*DATA SHOWN:*
* * * *
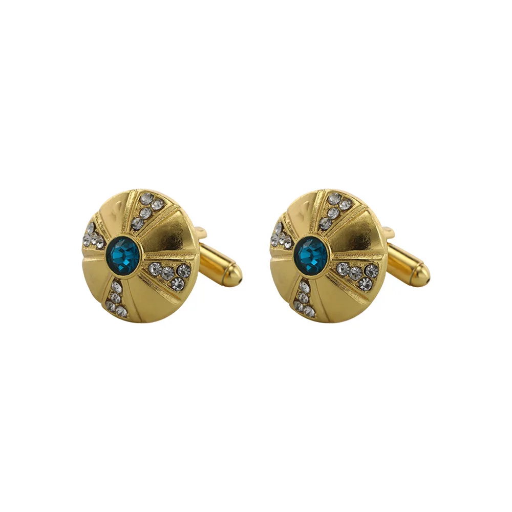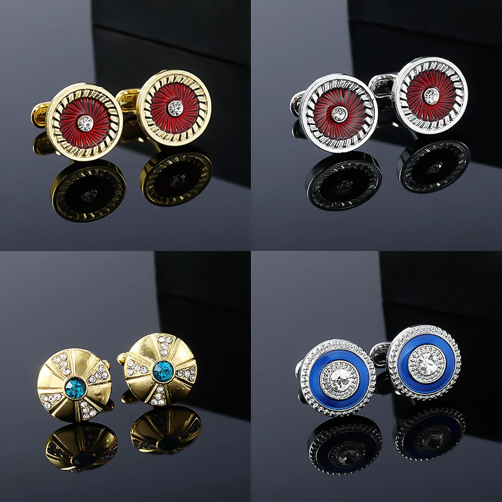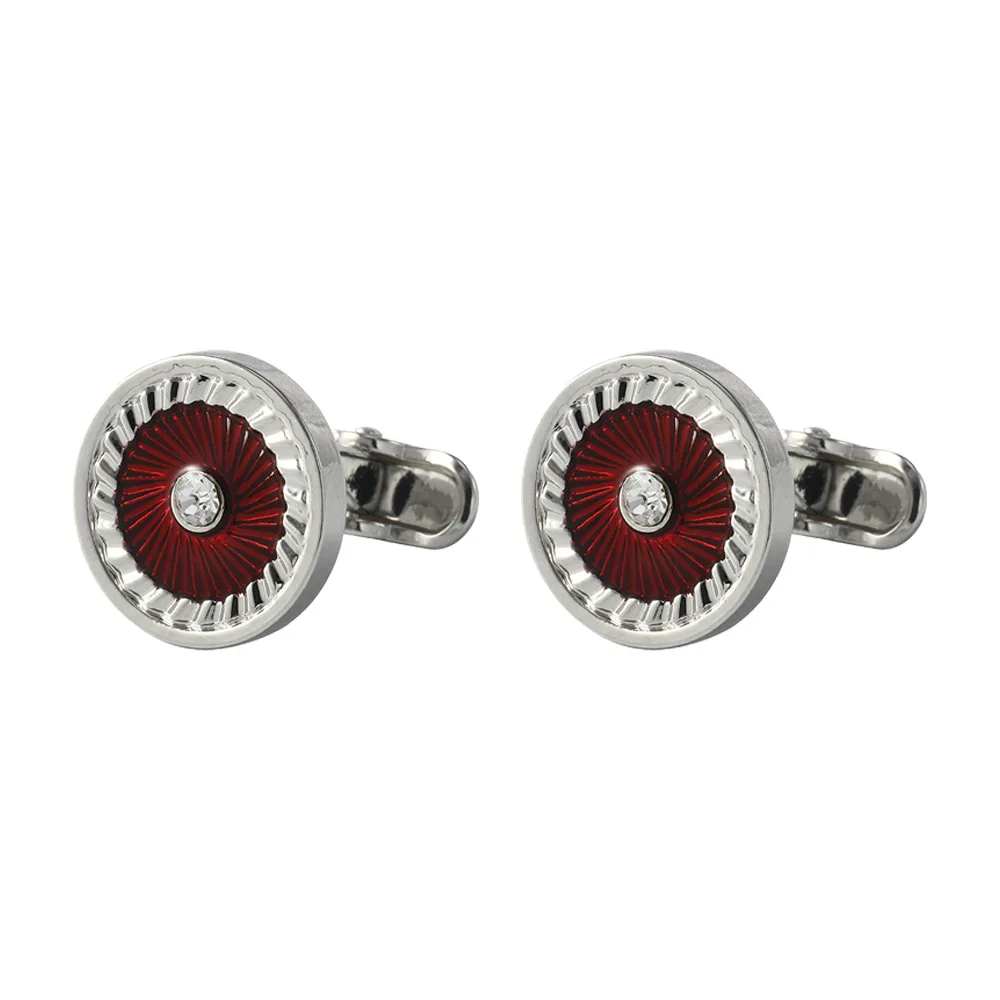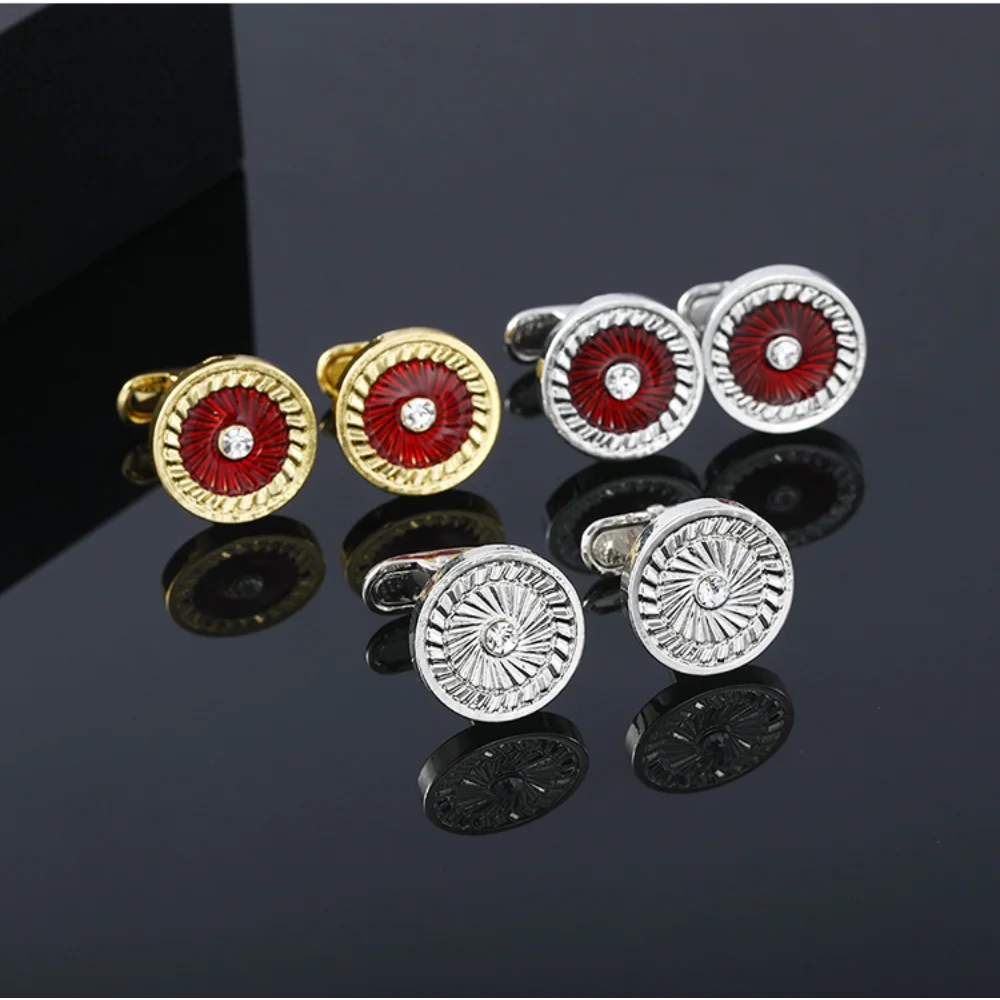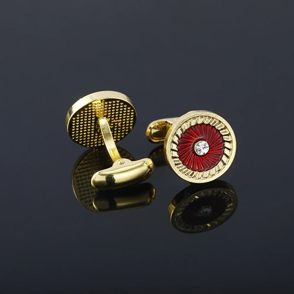 Step into sophistication with this pair of men's cufflinks featuring a luxurious gold-tone finish. The circular face is adorned with a vibrant red enamel center, radiating outward with finely detailed, raised lines that form a striking sunburst or fan pattern. At the core of each cufflink, a sparkling gemstone adds a touch of brilliance, contrasting beautifully against the red and gold. The outer edge is subtly ridged, enhancing texture and visual depth. Versatile and stylish, these cufflinks elevate your formal attire or casual accessories, making you stand out with their refined yet bold aesthetic. Perfect for weddings, banquets, or adding a touch of elegance to your daily wardrobe, they truly embody timeless craftsmanship and style.
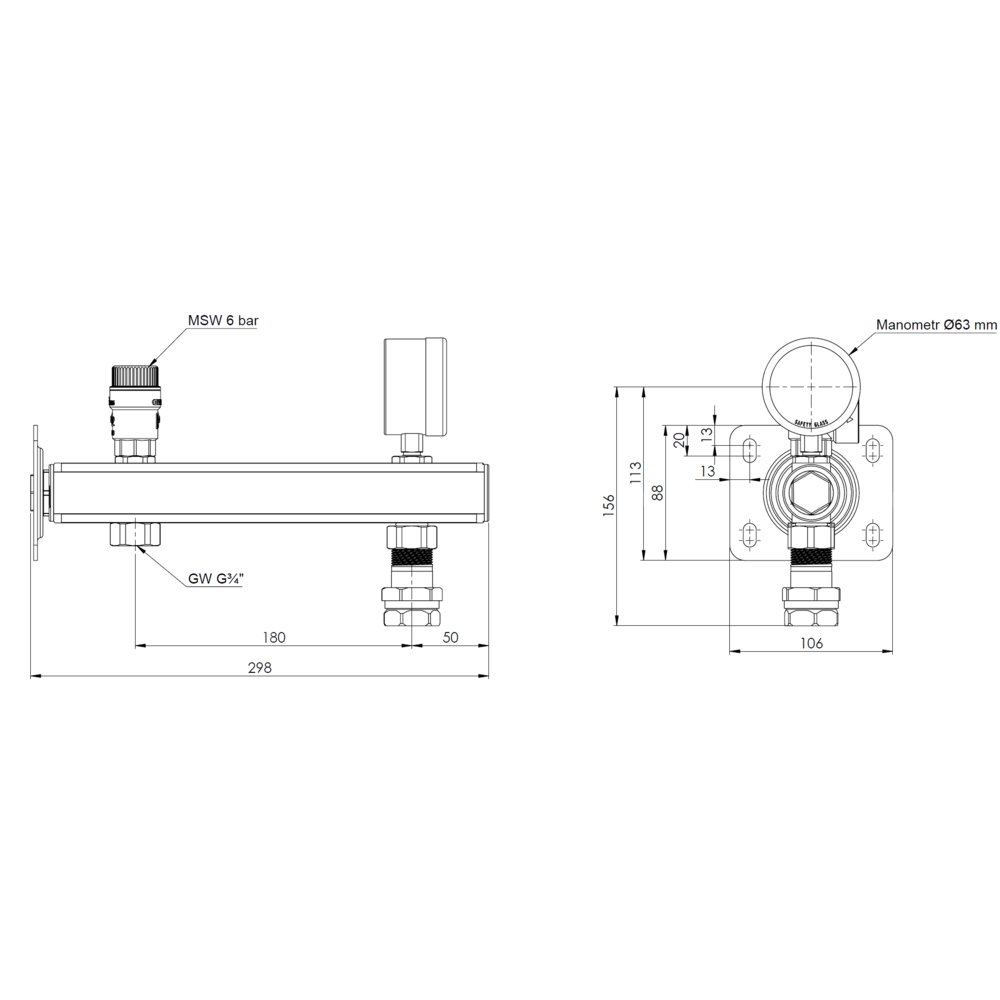 Umożliwia podłączenie naczynia wzbiorczego.
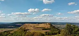 The Ehrenbürg is a double-peaked butte on the edge of the Franconian Jura in Bavaria, Germany. It is in the district of Forchheim in Upper Franconia, in the municipalities of Kirchehrenbach, Leutenbach and Wiesenthau. The north peak is the 513.9 m Walberla, the south peak the 531.7 m Rodenstein[1] (previously known as the Bodenstein). The hill is popularly known as the Walberla.
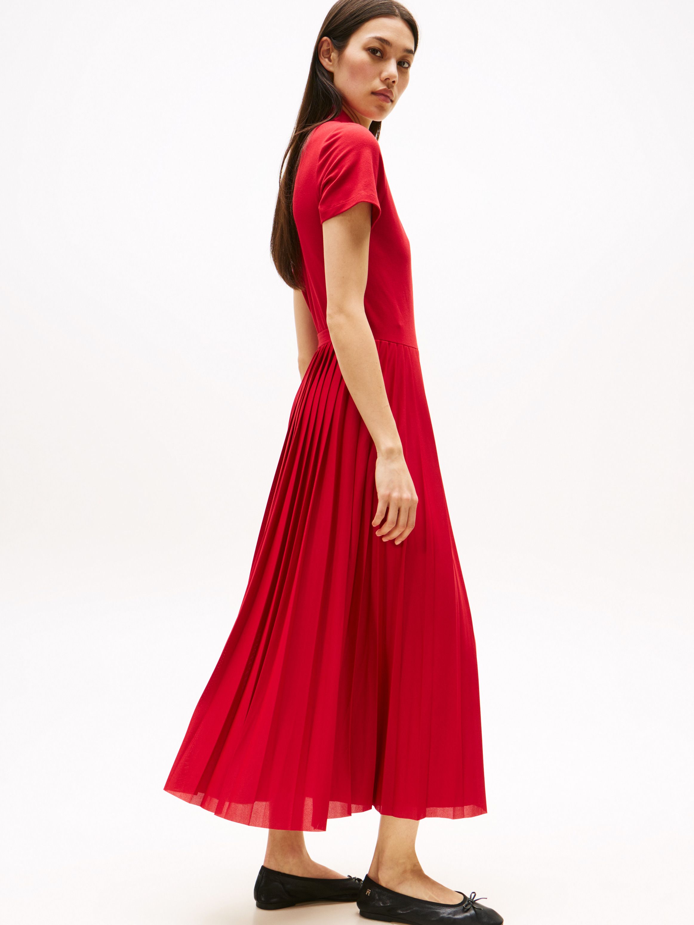The fusion of styles in this polo dress creates a flowing silhouette that can adapt to a formal or relaxed setting.
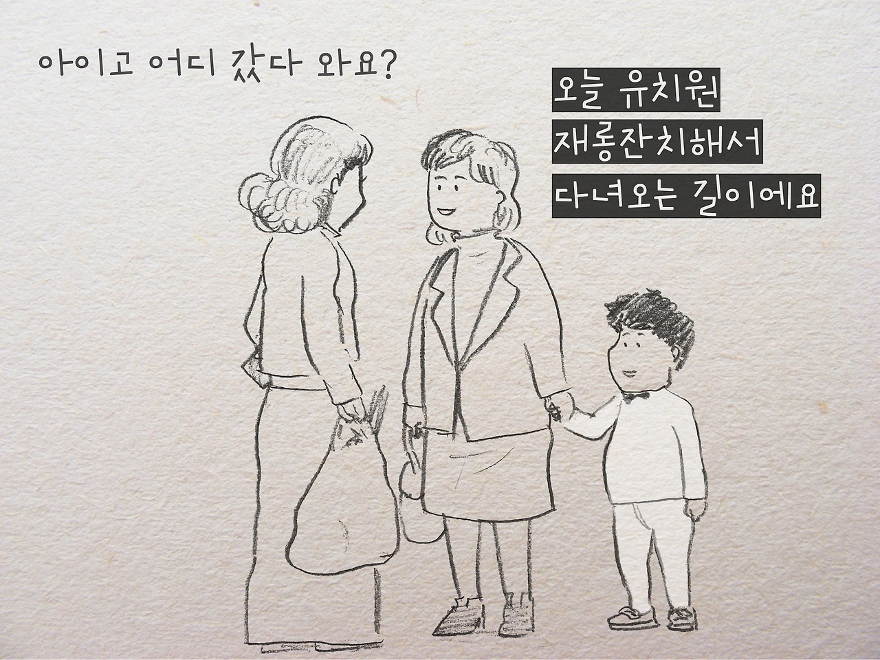 바지를 안 입고 다니는 기분이라 처음엔 좀 민망했지만 엄마 말이 결국 맞았다. 정말 다행히 아무도 알아보지 못해 무사히 재롱잔치를 마칠 수 있었다.
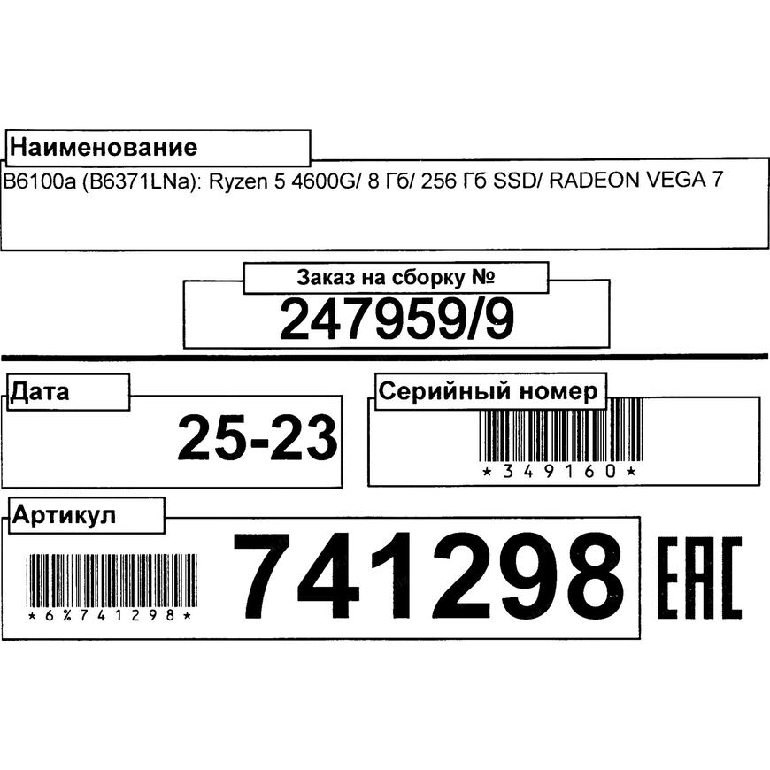 | Процессор компьютера | AMD Ryzen 5 4600G (3.7 - 4.2 ГГц, 6 ядер, 65 Вт) |
* * * *
*WHAT YOU ARE ASKED TO DO:*
Write out the data word for word, with every picture dropped.

*SOLUTION FOR THIS EXERCISE:*
 Step into sophistication with this pair of men's cufflinks featuring a luxurious gold-tone finish. The circular face is adorned with a vibrant red enamel center, radiating outward with finely detailed, raised lines that form a striking sunburst or fan pattern. At the core of each cufflink, a sparkling gemstone adds a touch of brilliance, contrasting beautifully against the red and gold. The outer edge is subtly ridged, enhancing texture and visual depth. Versatile and stylish, these cufflinks elevate your formal attire or casual accessories, making you stand out with their refined yet bold aesthetic. Perfect for weddings, banquets, or adding a touch of elegance to your daily wardrobe, they truly embody timeless craftsmanship and style.
 Umożliwia podłączenie naczynia wzbiorczego.
 The Ehrenbürg is a double-peaked butte on the edge of the Franconian Jura in Bavaria, Germany. It is in the district of Forchheim in Upper Franconia, in the municipalities of Kirchehrenbach, Leutenbach and Wiesenthau. The north peak is the 513.9 m Walberla, the south peak the 531.7 m Rodenstein[1] (previously known as the Bodenstein). The hill is popularly known as the Walberla.
The fusion of styles in this polo dress creates a flowing silhouette that can adapt to a formal or relaxed setting.
 바지를 안 입고 다니는 기분이라 처음엔 좀 민망했지만 엄마 말이 결국 맞았다. 정말 다행히 아무도 알아보지 못해 무사히 재롱잔치를 마칠 수 있었다.
 | Процессор компьютера | AMD Ryzen 5 4600G (3.7 - 4.2 ГГц, 6 ядер, 65 Вт) |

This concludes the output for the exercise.